> What the task asks
Below is a listing to repeat exactly, with its pictures left out.

> Data extract
□ □ □

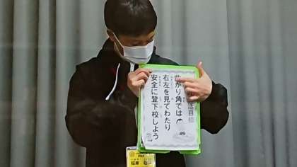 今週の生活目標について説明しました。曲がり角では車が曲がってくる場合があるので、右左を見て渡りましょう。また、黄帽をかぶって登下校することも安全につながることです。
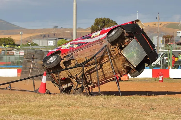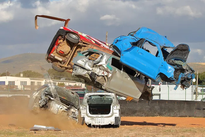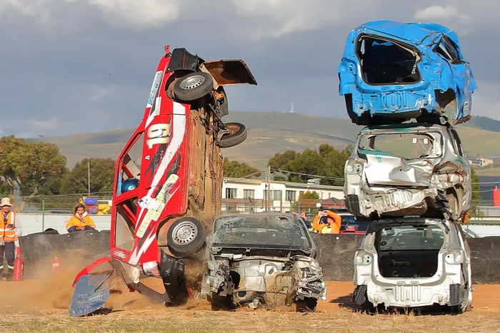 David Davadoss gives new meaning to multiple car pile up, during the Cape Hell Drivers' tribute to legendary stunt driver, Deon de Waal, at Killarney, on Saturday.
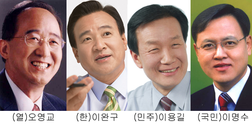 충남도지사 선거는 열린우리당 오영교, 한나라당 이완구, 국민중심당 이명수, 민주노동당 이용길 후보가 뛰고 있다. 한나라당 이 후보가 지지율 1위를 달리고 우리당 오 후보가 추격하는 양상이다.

□ □ □

> Solution
 今週の生活目標について説明しました。曲がり角では車が曲がってくる場合があるので、右左を見て渡りましょう。また、黄帽をかぶって登下校することも安全につながることです。
 David Davadoss gives new meaning to multiple car pile up, during the Cape Hell Drivers' tribute to legendary stunt driver, Deon de Waal, at Killarney, on Saturday.
 충남도지사 선거는 열린우리당 오영교, 한나라당 이완구, 국민중심당 이명수, 민주노동당 이용길 후보가 뛰고 있다. 한나라당 이 후보가 지지율 1위를 달리고 우리당 오 후보가 추격하는 양상이다.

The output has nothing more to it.